Why do doctors have poor handwriting skills
Doctors and Handwriting: Is It So Bad It Accidentally Kills Patients?
The source behind the Time article is a July 2006 report from the Institute of Medicine entitled "Preventing Medication Errors: Quality Chasm Series." A letter (PDF) is available online and the information here is taken from it.
The subject turns around adverse drug reactions (ADEs), including errors caused by incorrect prescriptions:
Some of these "Adverse Drug Events [ADEs]," as drug injuries are commonly known, are inevitable - for example, the more effective a medicine is, the more likely it is to have harmful side effects - but sometimes the harm is caused by a mistake in prescribing or taking the drug, and such harm is not inevitable. You can be prevented.

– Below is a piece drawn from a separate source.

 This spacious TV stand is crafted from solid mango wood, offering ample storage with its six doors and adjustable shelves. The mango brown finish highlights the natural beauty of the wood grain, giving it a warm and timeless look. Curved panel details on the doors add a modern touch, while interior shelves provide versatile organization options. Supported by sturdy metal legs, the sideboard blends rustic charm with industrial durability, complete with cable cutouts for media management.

The number of avoidable ADEs is extremely large. The report suggests that a typical hospital patient experiences at least one medication error every day. Various studies have claimed 380,000 and 450,000 preventable ADEs per year. The committee behind the report takes these low estimates into account.

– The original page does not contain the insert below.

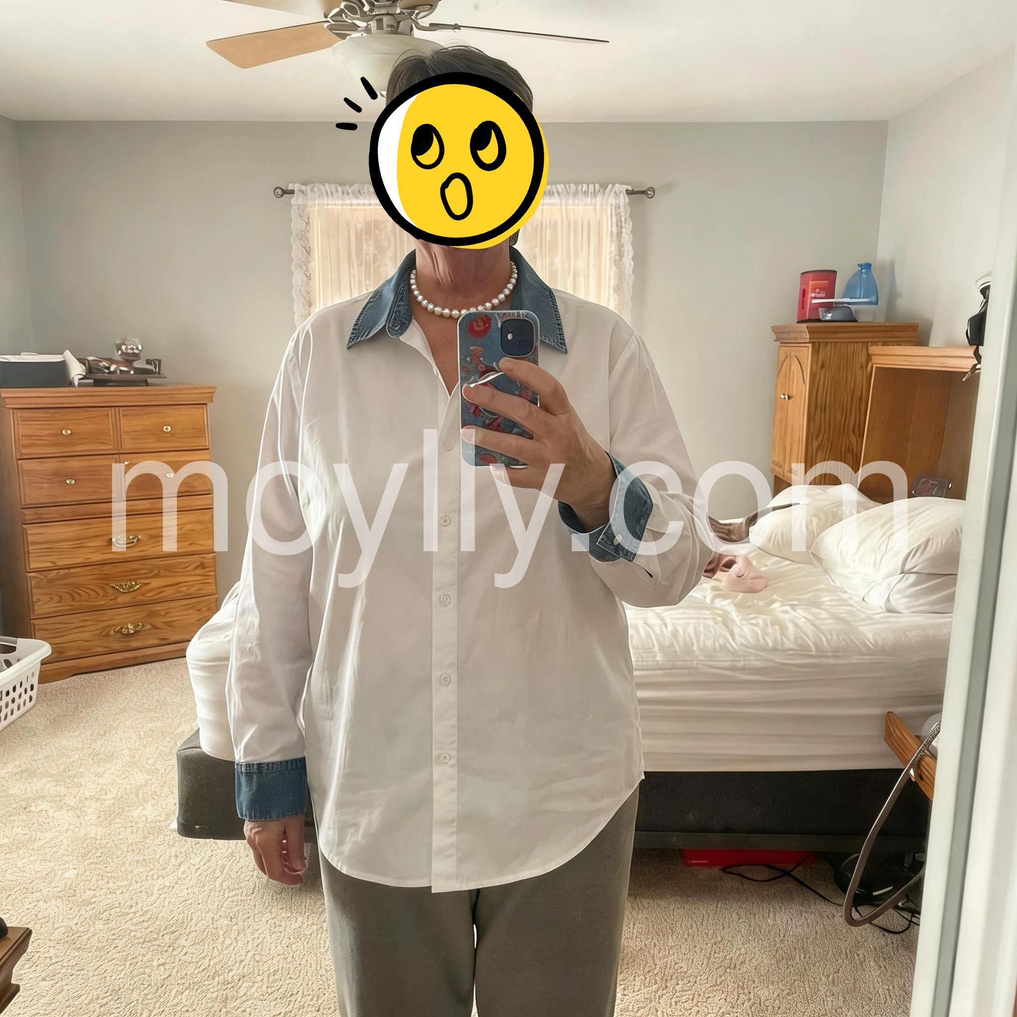 I received this shirt and immediately tried it on—now it’s become one of my go-to pieces. The denim collar adds a trendy touch while the white color stays classic and versatile. It’s soft, comfortable, and the fit looks great for both casual and slightly dressed-up occasions. I wore it to brunch and felt confident the whole time. The stitching looks neat, and the shirt feels like it’s made to last. Highly recommend!

For example, one study calculates that 800,000 preventable ADEs occur in long-term care facilities each year. Another finds that Medicare outpatients experience 530,000 preventable ADEs each year.
Again, these numbers are judged to be low, and it should be noted that none of these studies have prescriptions that should have happened, but never - omission errors. The committee concludes with the number of 1.5 million preventable ADEs occurring in the United States each year as a lowball estimate of which of the numbers in the time article will be used. So far, so good.
Unfortunately, these numbers are not broken down further in the letter. The only mention of the manuscript is in a section on how the use of new technology can help:
The use of electronic prescriptions or electronic prescriptions is even more promising. By writing prescriptions electronically, doctors and other providers can avoid many of the mistakes that come with handwritten prescriptions, as the software ensures that all of the required information is filled out and legible.
The note on legibility is hardly the focus of the section here. While it admits that poor handwriting plays a role in preventable ADEs, the letter alone does not provide sufficient grounds for the Time article's comments that "doctors' sloppy handwriting kills more than 7,000 people annually." While searching through the full report, I found a few more clues about handwriting issues:
Poorly handwritten prescription orders are the main source of misunderstanding between prescribing doctors, nurses, and pharmacists and have often resulted in serious injury or death due to misunderstanding of the drug or its dosage, route, or frequency (Cohen, 2000).
There was also a note too Transcription errors which could be seen as a container for handwriting errors. One study identified 29 of the 334 errors found as transcription errors. But nowhere in the report do I have an estimated number of Deaths found for something specifically aimed at handwriting.
Upon closer inspection of the Time article, I realized that writing might just be difficult:
Doctors' sloppy handwriting kills more than 7,000 people annually. It's a shocking statistic, and according to a July 2006 report by the National Academies of Science's Institute of Medicine (IOM), preventable medication errors injure more than 1.5 million Americans annually.
The 1.5 million statistic is from the IOM report, but the 7,000 people killed are completely without sources. The Straight Dope comments:
Actual statistics, apparently drawn from a 1998 Lancet paper on subsequent Institute of Medicine reports, say that 7,000 deaths each year in the United States are due to all drug failure of any kind in and out of hospitals and not only to those associated with poor penmanship.
The time article was a long way off in terms of their statistics and contrasted these statistics with an unrelated source. But the direct answer to the question, "Does bad handwriting kill people?" is that yes, it can if it is the underlying cause of ADD that leads to patient death. Is it a common problem? Not compared to the other preventable ADEs.